## [Activity]
Throughout the listing that follows, find each line with the word "between" and copy it.

## [Listed records]
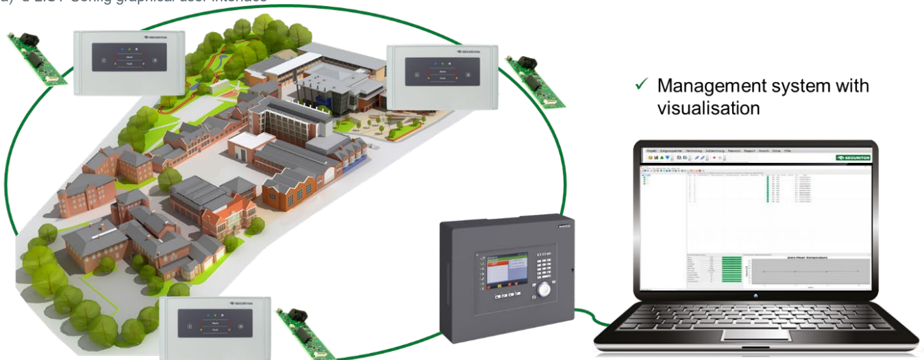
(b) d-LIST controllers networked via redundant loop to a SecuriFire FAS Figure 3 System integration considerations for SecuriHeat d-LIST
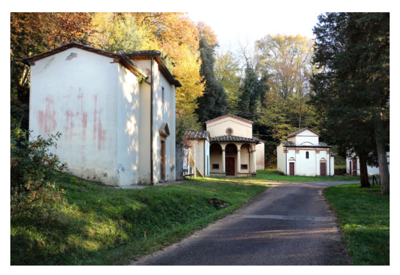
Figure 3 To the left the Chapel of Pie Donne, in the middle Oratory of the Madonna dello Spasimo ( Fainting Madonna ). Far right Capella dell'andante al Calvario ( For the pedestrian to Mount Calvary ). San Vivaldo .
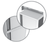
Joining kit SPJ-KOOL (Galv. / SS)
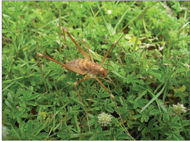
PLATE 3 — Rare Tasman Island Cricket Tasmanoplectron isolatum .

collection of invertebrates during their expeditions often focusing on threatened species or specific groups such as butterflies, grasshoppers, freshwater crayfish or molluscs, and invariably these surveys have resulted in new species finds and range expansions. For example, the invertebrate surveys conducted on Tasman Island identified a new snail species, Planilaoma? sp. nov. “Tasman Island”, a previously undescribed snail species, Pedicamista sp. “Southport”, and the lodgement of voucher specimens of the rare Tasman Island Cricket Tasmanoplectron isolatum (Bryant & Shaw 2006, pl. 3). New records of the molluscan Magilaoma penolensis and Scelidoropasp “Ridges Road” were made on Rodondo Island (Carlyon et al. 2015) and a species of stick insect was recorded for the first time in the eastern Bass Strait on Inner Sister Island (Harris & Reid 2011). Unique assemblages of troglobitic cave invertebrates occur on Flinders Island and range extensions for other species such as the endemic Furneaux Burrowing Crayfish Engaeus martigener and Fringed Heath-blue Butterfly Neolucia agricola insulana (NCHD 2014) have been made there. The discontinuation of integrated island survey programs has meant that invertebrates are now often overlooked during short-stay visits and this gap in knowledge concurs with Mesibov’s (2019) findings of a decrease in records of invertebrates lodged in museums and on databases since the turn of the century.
* * *
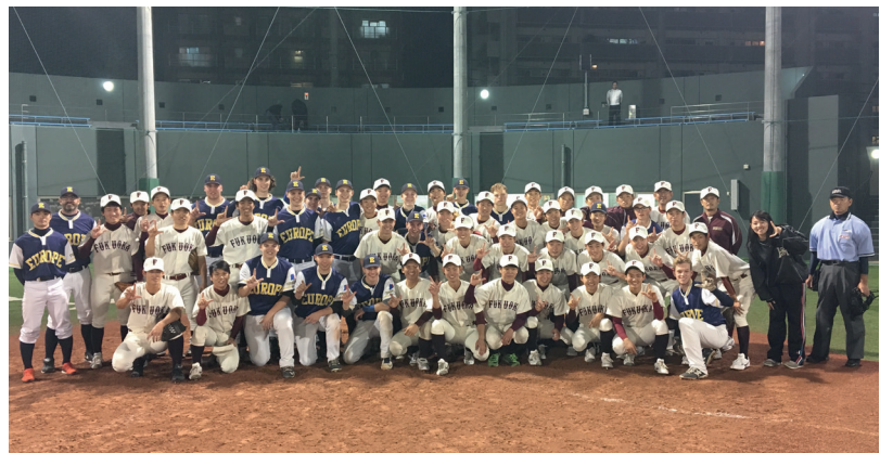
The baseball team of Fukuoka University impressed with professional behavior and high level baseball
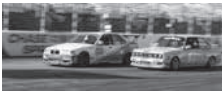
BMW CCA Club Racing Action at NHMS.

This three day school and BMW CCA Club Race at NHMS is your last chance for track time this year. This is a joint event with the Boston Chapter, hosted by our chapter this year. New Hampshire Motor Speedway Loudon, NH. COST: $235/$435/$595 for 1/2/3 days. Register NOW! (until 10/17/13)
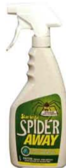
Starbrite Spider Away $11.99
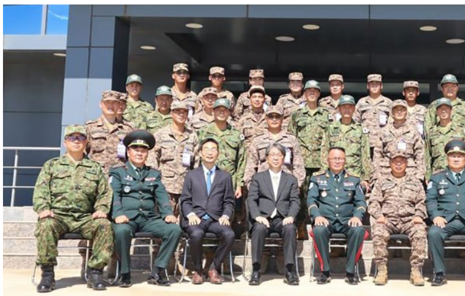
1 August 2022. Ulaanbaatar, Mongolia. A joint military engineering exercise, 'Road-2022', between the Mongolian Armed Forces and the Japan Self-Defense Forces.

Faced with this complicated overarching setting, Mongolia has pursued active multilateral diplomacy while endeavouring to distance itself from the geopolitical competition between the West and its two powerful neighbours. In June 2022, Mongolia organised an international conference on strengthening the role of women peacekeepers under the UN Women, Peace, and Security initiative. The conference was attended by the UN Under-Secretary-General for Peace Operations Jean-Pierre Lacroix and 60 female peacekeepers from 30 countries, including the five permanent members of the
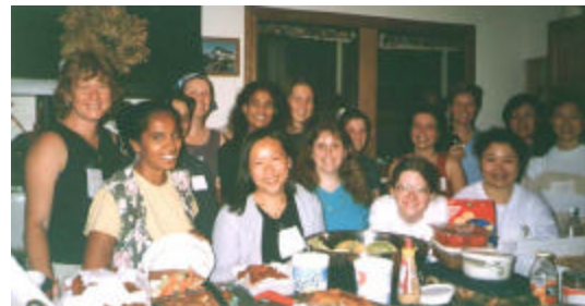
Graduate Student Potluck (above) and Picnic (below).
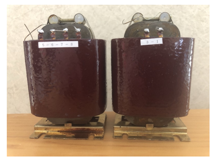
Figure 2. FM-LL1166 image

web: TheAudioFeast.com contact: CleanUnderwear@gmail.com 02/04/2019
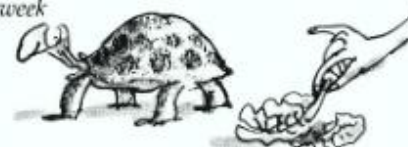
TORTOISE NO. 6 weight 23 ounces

## [Your response]
1 August 2022. Ulaanbaatar, Mongolia. A joint military engineering exercise, 'Road-2022', between the Mongolian Armed Forces and the Japan Self-Defense Forces.
Faced with this complicated overarching setting, Mongolia has pursued active multilateral diplomacy while endeavouring to distance itself from the geopolitical competition between the West and its two powerful neighbours. In June 2022, Mongolia organised an international conference on strengthening the role of women peacekeepers under the UN Women, Peace, and Security initiative. The conference was attended by the UN Under-Secretary-General for Peace Operations Jean-Pierre Lacroix and 60 female peacekeepers from 30 countries, including the five permanent members of the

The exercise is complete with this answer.